Communications Critical to Icelandic Intercept and Surveillance Mission
Tags: Operations and exercises
By Air Task Force-Iceland Public Affairs
“I love the wide variety of tasks here; it’s rewarding— but you have to know everything,” said Aerospace Telecommunication & Information Systems (ATIS) Technician, Master Corporal Daniel Demedeiros, as he secured an inflatable satellite antenna system against a stiff Icelandic wind. “You have to know not only how to set up all the different communications systems, but also know all the administration to make it work across Canada and the world.”
Eight members of 8 Air Communication and Control Squadron (8 ACCS) recently deployed to Keflavik Air Base. They have deployed as part of Air Task Force (ATF)-Iceland from the first week of May to mid-June 2017. The ATF provides continuous air surveillance and interception capability with six CF-18 fighter aircraft. These aircraft can be launched to meet and identify unknown airborne objects within, or approaching NATO airspace.

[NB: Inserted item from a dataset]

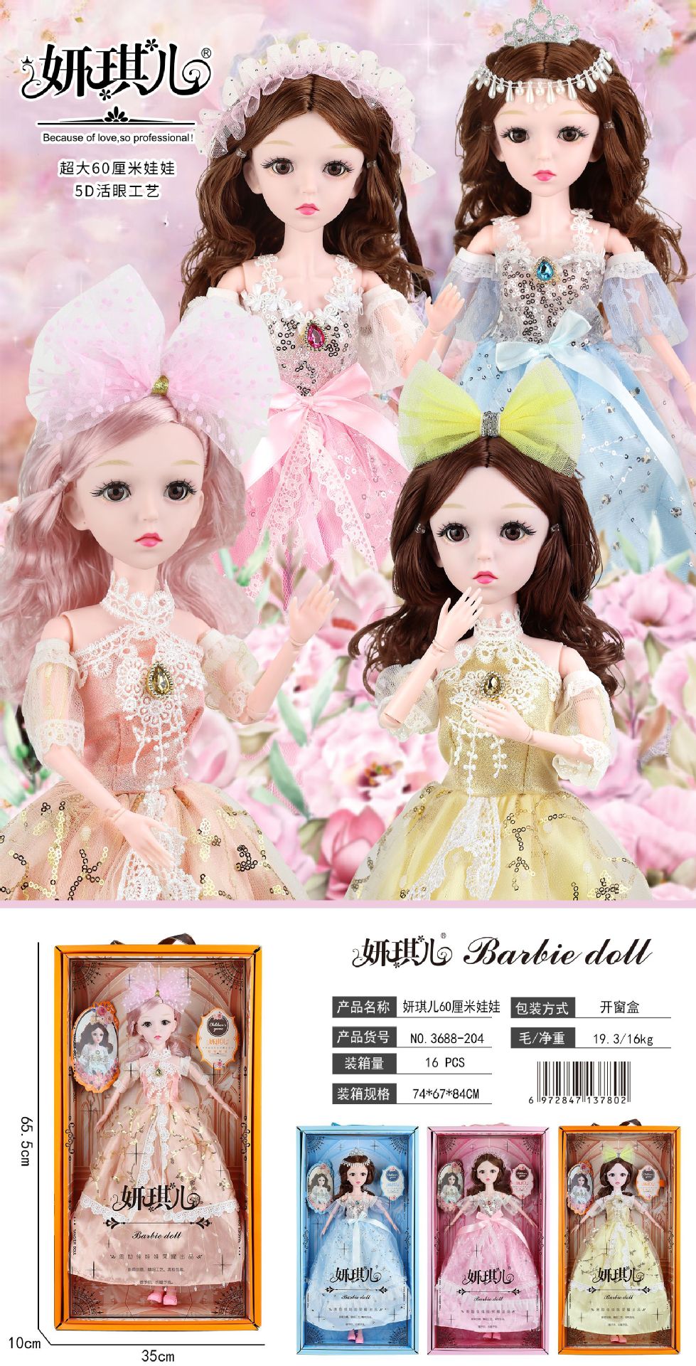 • 3688-245 절묘한 공주 인형 [3가지 색상 랜덤]

However, CF-18 fighter operations, and the aerospace control they require, cannot happen without highly-advanced networks and equipment to support the advanced communications they depend upon. Packed into large, green, air-transportable containers, the Communication and Information Systems (CIS) kit is always among the first to be offloaded from Royal Canadian Air Force (RCAF) transport aircraft when they arrive in a theatre of operations.
“We activate the airfield. Once the main body of the deployment arrives, all CIS assets, computers, mission-specific networks and voice communication devices are in position and ready to be used by the ATF,” said Captain Natasha Dargan, the ATF Communications and Information Services officer.

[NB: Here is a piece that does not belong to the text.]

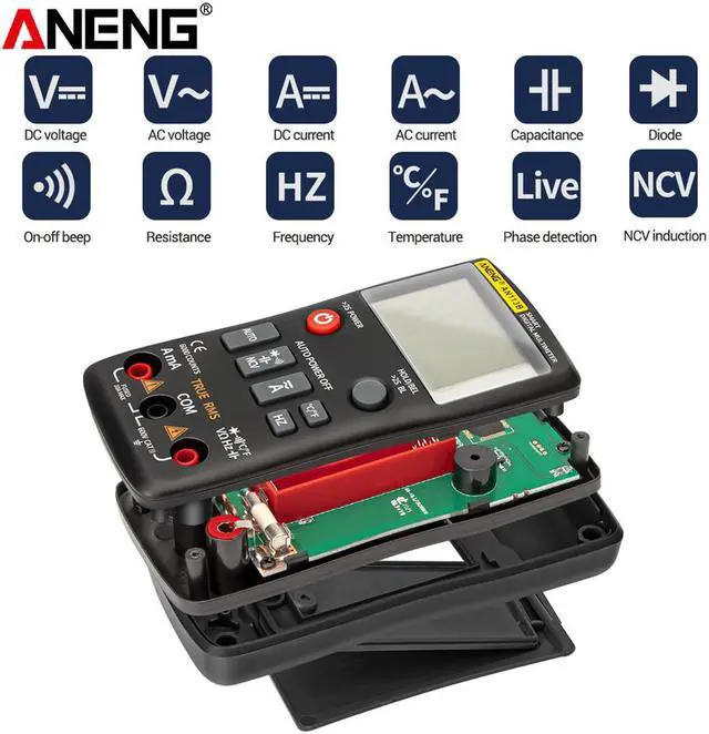 Features: This product is a multi-functional, auto-ranging, true RMS digital multimeter with a 6000 counts LCD display. Measurement functions include AC/DC voltage, AC/DC current, resistance, diode test/continuity, NCV, frequency/duty cycle, capacitance test. Support temperature measurement. Support Auto Power Off. Support True- RMS.

In this case, activation meant stringing kilometers of cabling through operations buildings, inflating and adjusting radio and satellite antennas, and ensuring that the mission-critical secure networks and systems were verified and functional.
“Our team worked really hard to reach initial operational capability before the advance party’s arrival,” said Captain Dargan. “This was in order to ensure that operations would be enabled when the fighter aircraft and aerospace control elements arrived, and that everyone would be provided with the level of services they required.”
As part of 2 Wing, the RCAF’s air expeditionary wing, the ATIS Technicians and Communications and Electronics Engineering (Air) Officers of 8 ACCS, maintain a high-readiness state and are known for their frequent and rapid deployments. They have elements in Bagotville, Quebec and Trenton, Ontario. Also joining the team at Keflavik were ATIS Technicians from 3 Wing Telecommunications and Information Services Bagotville to support 433 Tactical Fighter Squadron’s mission planning.
ATF-Iceland’s short mission reinforced the need for reliable communications to ensure there was no time lost on establishing or re-establishing links between the task force and Canada. “There have been no major interruptions of communications, and that is certainly satisfying,” said Captain Dargan. “As specialists in deployable communications, it’s our job to understand and anticipate the operator’s needs and make the deployment from Canada to theatre as seamless as possible.”